Дома воцарился бойкот. Степа если и пытался продолжить скандал, то раз за разом натыкался на безмолвную стену.
Стефан, как и обещал, позвонил вечером. Еще днем ранее мы с Ашкетовым планировали отправиться на каток, и я была не намерена отказываться от очередного приятного вечера. Тогда во мне еще жила надежда, что все как-то само собой образуется, разгладится, стерпится-слюбится.
Но я ошибалась.
Вернувшись ближе к полуночи, обнаружила, что Степа ушел из дома. Его не было двое суток, и я уже практически убедила нашего вредного участкового, живущего в соседнем подъезде, принять заявление о пропаже.
«Побегает и вернется» — сухо стоял на своем наш орган правопорядка, в то время как у меня кровью обливались все внутренности. И самое страшное — Стефан, кажется, был с ним солидарен. Нет, он был рядом, помогал и все такое, но в то же время как будто осуждал, намекая на мягкотелость и безволие.
В ответ на замечания Ашкетова я брякнула, что начну прислушиваться к его советам по воспитанию, когда тот обзаведется собственными детьми. Это стало первым звоночком к разрыву отношений. Вторым и окончательным стал звонок сына. Вернее его ответ на мой звонок в череде непрекращающихся попыток связаться со Степой. Счастливое число тысяча.
Степа требовал, чтобы цитата: «этот хренов мажор проваливал из нашей жизни». Грозился не возвращаться вовсе, пока Стефан отсвечивает на горизонте.
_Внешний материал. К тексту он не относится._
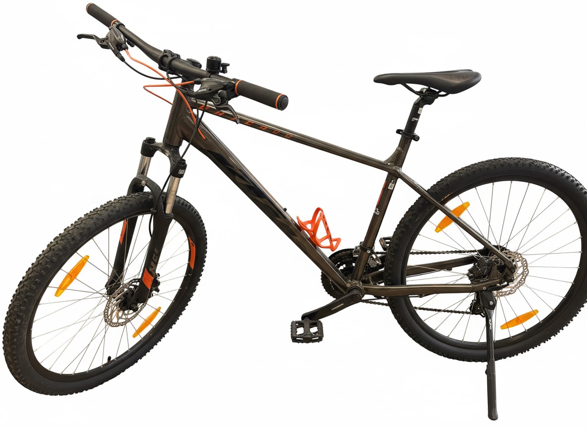Sportliches Hardtail Mountainbike für vielseitige Einsätze, ideal für Gelände und Alltagsfahrten. Das Bike überzeugt mit einem leichten Aluminiumrahmen in dunkelbraun/schwarz mit markanten orangefarbenen Akzenten und bietet dank der Federgabel Komfort auf unebenem Terrain. Ausgestattet mit einer zuverlässigen Shimano Altus Schaltung und hydraulischen Scheibenbremsen für sichere Performance.
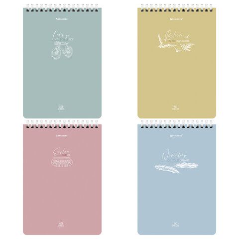 Блокнот 60л А5 гребень картон клетка BRAUBERG Pastel 1/4/80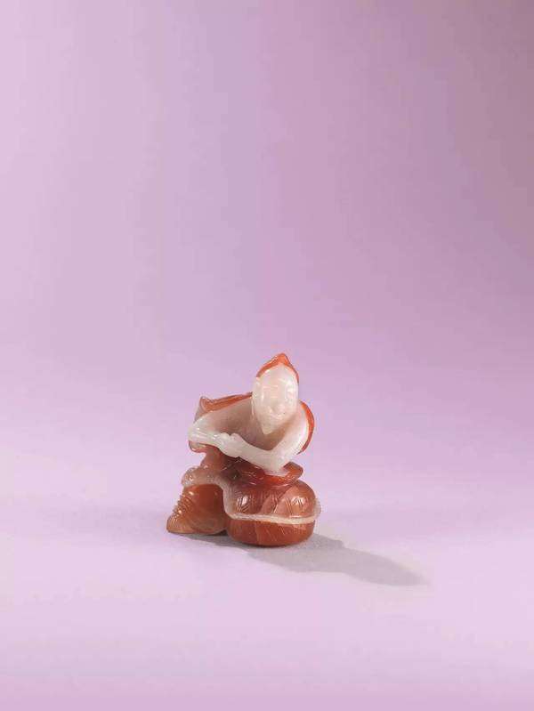 紅白瑪瑙雕漁翁得利把件。圖片:致謝佳士得香港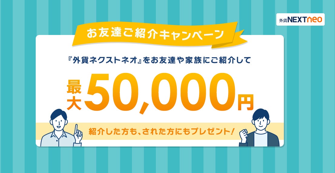 株式会社外為どっとコム(本社:東京都港区、代表取締役社長:竹内 淳)は、店頭FX『外貨ネクストネオ』にて、「お友達ご紹介キャンペーン」を2025年4月1日(火)より実施します。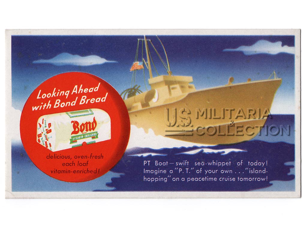 Carton publicitaire patriotique Bond Bread avec vedette lance torpilles ou PT Board (short for patrol torpedo boat), origine Seconde Guerre mondiale. Epais carton, une face imprimée, parfait état de conservation.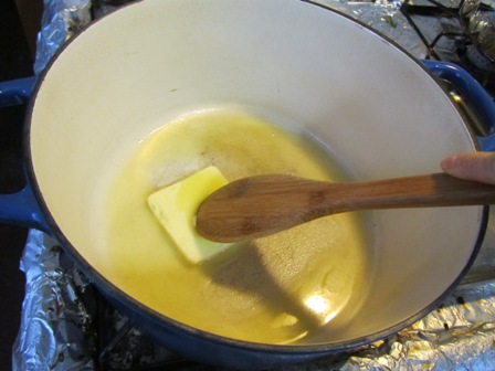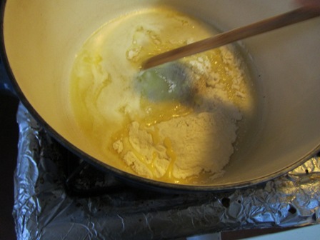 Start your recipe by making basic white sauce. Melt 1/4 cup unsalted butter in a pan. Add the flour and stir for about a minute.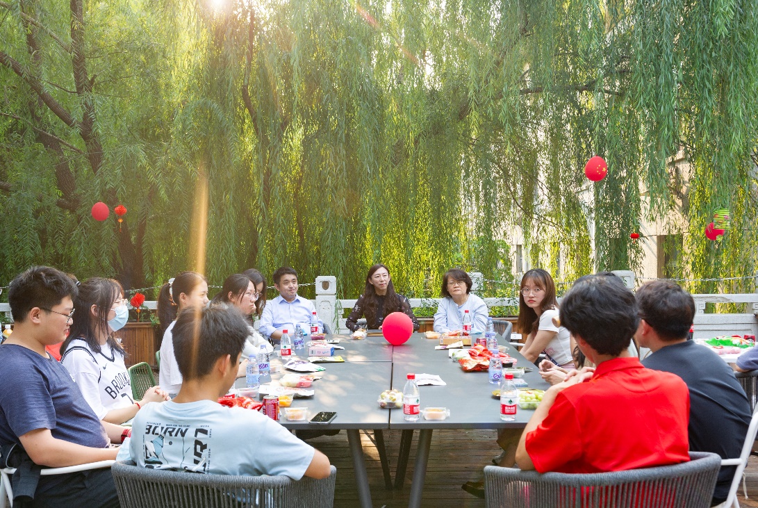 在九月温暖的斜阳中,在中秋美好的日子里,师生围坐、品尝校徽月饼、思想交流碰撞,气氛热烈而融洽。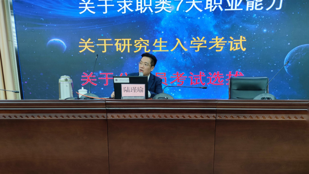 最后陆老师在讲座中强调考研、考公、就业的重要性,详细讲解了各类考试流程、考试的核心命题原理,告诫同学一定要有一颗爱学习的心,认清自己,不要荒废自己的学业。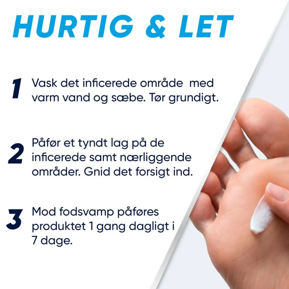 Påfør cremen i et tyndt lag. Vær opmærksom på, at hele området med svamp er dækket.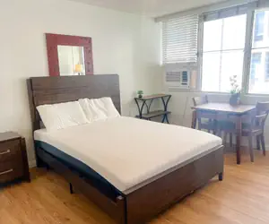 Living area offers a queen size bed (sleeps 2), closet, flatscreen tv, convertible work desk or dining table, and dresser with large windows for abundant natural light.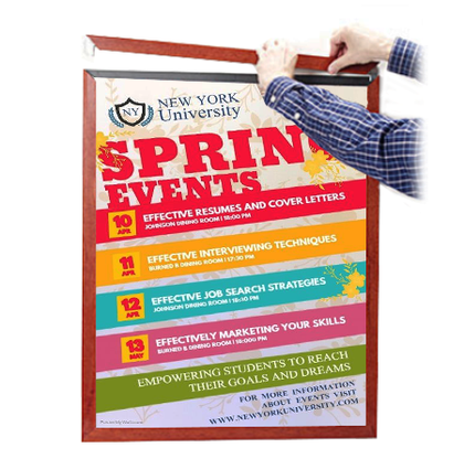 - Magnetic Clamps are placed onto the backing board to secure your thin poster, graphic or image in place.
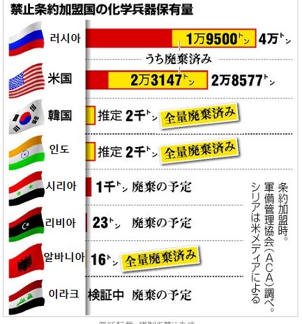 À§ÀÇ ±×¸²À» º¸°í, óÀ½ ¾È °ÍÀº ¼¼°³. 1. °¡¸Í±¹Áß, ÈÇй«±â º¸À¯·®ÀÌ Çѱ¹ÀÌ 3À§¿´°í, 2. ±× ¾çÀÌ ½Ã¸®¾Æº¸´Ù ¸¹¾Ò´Ù´Â °Í°ú, 3. À̽º¶ó¿¤ÀÌ ¼øÀ§¿¡ µé¾îÀÖÁö ¾Ê´Ù´Â °Í. (¾Æ¸¶µµ, °¡¸Í±¹ÀÌ ¾Æ´Ñ µí...ºÐ¸í, °¡Áö°í ÀÖÀ»ÅÙµï...¤Ñ¤Ñ+..) ¾Æ»çÈ÷½Å¹® 0915-2013 «·«ê«¢ª¬ûù学ܲÐïÐ×ò条峪ËÊ¥Øï¡¡ 続ª¯内戦¡¢廃Ñ¥Ññùþªâ ½Ã¸®¾Æ°¡ ÈÇк´±â ±ÝÁöÁ¶¾à(CWC)¿¡ °¡ÀÔ ±×·¯³ª °è¼ÓµÇ´Â ³»ÀüÀ¸·Î, Æó±â¼ö¼ø¿¡´Â ³Ç×ÀÌ ¿¹»ó UNÀº 14ÀÏ, ½Ã¸®¾Æ°¡ ÈÇк´±â ±ÝÁöÁ¶¾à(CWC)¿¡ °¡ÀÔÇß´Ù°í ¹ßÇ¥Çß´Ù. °¡ÀÔ¹®¼°¡ 14ÀÏ, ¹Ý±â¹® »ç¹«ÃÑÀå¿¡°Ô ±âŹ(Ðööþ)µÇ¾î, 190¹øÂ° Á¶¾à±¹ÀÌ µÆ´Ù. CWC ±ÔÁ¤¿¡µû¶ó, Á¶¾à¹ßÈ¿´Â 30ÀÏÈÄ ´ÙÀ½´Þ 14ÀÏÀÌ´Ù. ³»ÀüÁßÀÎ ½Ã¸®¾ÆÀ̳ª CWC±ÔÁ¤ÀÇ ¹ßÈ¿ ¹× ÀÌÇà¿¡´Â ¿¹¿Ü°¡ ¾ø¾î, ½Ã¸®¾Æ³» ÈÇк´±â ¿ÏÀüÆó±â ÀÛ¾÷Àº ³Ç×À» °ÝÀ» µíÇÏ´Ù. CWC´Â °¡¸Í±¹¿¡°Ô °¢Á¾ ÈÇк´±âÀÇ °³¹ß.»ý»ê.ÀúÀå.»ç¿ëÀ» ±ÝÁö½Ã۰í, º¸À¯Çϰí ÀÖ´Â ÈÇк´±â¸¦ ´Ü°èÀûÀ¸·Î ¿ÏÀü Æó±âÇÒ °ÍÀ» Àǹ«È Çϰí ÀÖ´Ù. °¡¸Í±¹Àº ÈÇк´±âÀÇ º¸À¯·®°ú ÀúÀåÀå¼Ò¸¦ ½Å°íÇØ¾ß Çϸç, ÈÇк´±â±ÝÁö ±â°ü(OPCW)ÀÌ Á¶¾àÀ§¹ÝÀ» °¨½ÃÇÏ°Ô µÈ´Ù. ½Ã¸®¾ÆÀÇ °æ¿ì, Áö³ 14ÀÏÀÇ ¹Ì±¹.·¯½Ã¾Æ ¿Ü¹«Àå°ü ÇÕÀÇ·Î, 1ÁÖÀÏÀ̳»¿¡ º¸À¯ ÈÇй«±â ¹× °ü·Ã½Ã¼³ÀÇ ¿ÏÀüÇÑ ¸®½ºÆ®¸¦ Á¦ÃâÇϵµ·Ï ¿ä±¸¹ÞÀº »óŶó, ½Ã¸®¾ÆÁ¤ºÎ´Â CWC Á¶¾àÀÇ È¿·ÂÀÌ ¹ßÈ¿µÇ±âµµ Àü¿¡ ÈÇк´±â Æó±â¸¦ À§ÇÑ Àçºü¸¥ ´ëÀÀ ¹× ÀýÂ÷¸¦ ÀÌÇàÇÏÁö ¾ÊÀ¸¸é ¾ÈµÈ´Ù. ³¡. ..... ÇÑ¹ß »ß²ýÇϸé......¾ÆÁ¶.....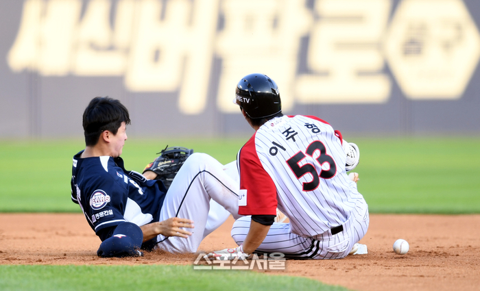 LG 이주형이 18일 잠실야구장에서 열린 2023 KBO리그 두산과 경기 6회말 2사 우중간 2루타를 친 후 2루에서 세이프되고 있다. 상대 2루수는 박계범. 2023. 6. 18. 잠실 | 최승섭기자 thunder@sportsseoul.com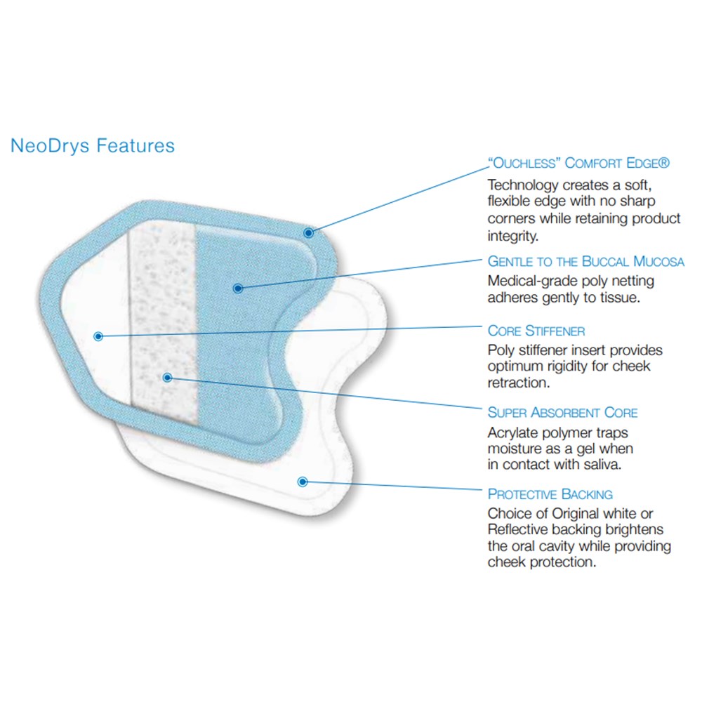 NEODRYS with its new inner core traps moisture quickly, helping to provide a superior dry field. No messy leaks, even with the core fully saturated. Its moisture-proof backing protects the cheek from abrasion and bounces light into the working area. With the new COMFORT EDGE, there is no stiff abrasive material to cause discomfort. Absorption, protection and comfort make NEODRYS far superior to any other product on the market. NEODRYS is available in two sizes large (blue) and small (yellow). PLUS a choice of two kinds of backing; white and new reflective.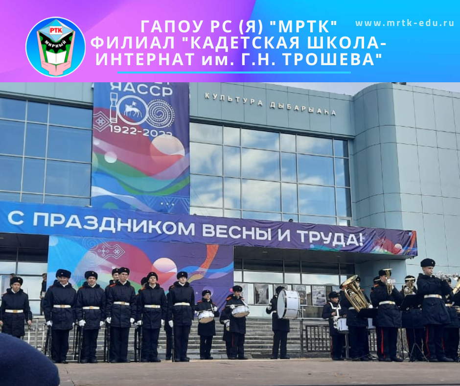 Кадеты ГАПОУ РС (Я) «МРТК» филиала «Кадетская школа-интернат им. Г.Н. Трошева» приняли участие в первомайской демонстрации в г. Мирный и в п. Чернышевский. На видео: группа РПК под руководством начальника школы Георгия Васильченко и военный духовой оркестр школы под руководством майора Евгения Зеленцова. Ссылки по теме: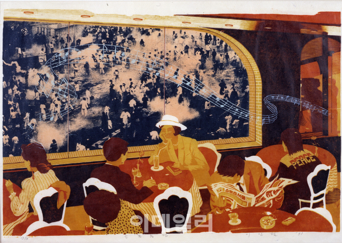 | | 이인철의 ‘신촌 풍경’(1991). 1990년대 초반 대학가 한 카페의 창이 갈라놓은 이중적인 사회상을 목판화와 실크스크린을 접목한 기법으로 교묘하게 드러냈다. 판화의 매체실험이 시작되는 시기의 작품이다(사진=국립현대미술관). |

Намеревался уйти из школы и поступить в физкультурный техникум в соседнем городе.
Естественно, ничего из этого я не могла допустить, а потому пообещала, что Ашкетова в нашей жизни больше не будет. Никого не будет. Все, что угодно, лишь бы Степа вернулся домой.
Так уж вышло, что Стефан стал свидетелем данного разговора и все прекрасно слышал. Мне даже не пришлось ему что-то объяснять. Лишь попросить прощения и пожелать счастья.
Так и закончился наш недолгий роман.
А еще через день Степа вернулся домой и вел себя так, будто ничего и не было. Другого я и не желала. Просто испытала нечто вроде катарсиса, когда стиснула его жесткое, жилистое, по-мальчишечьи не очень пропорциональное тело. А потом, когда варила ненавистную гречку. А потом, когда слушала, как сын дышит во сне.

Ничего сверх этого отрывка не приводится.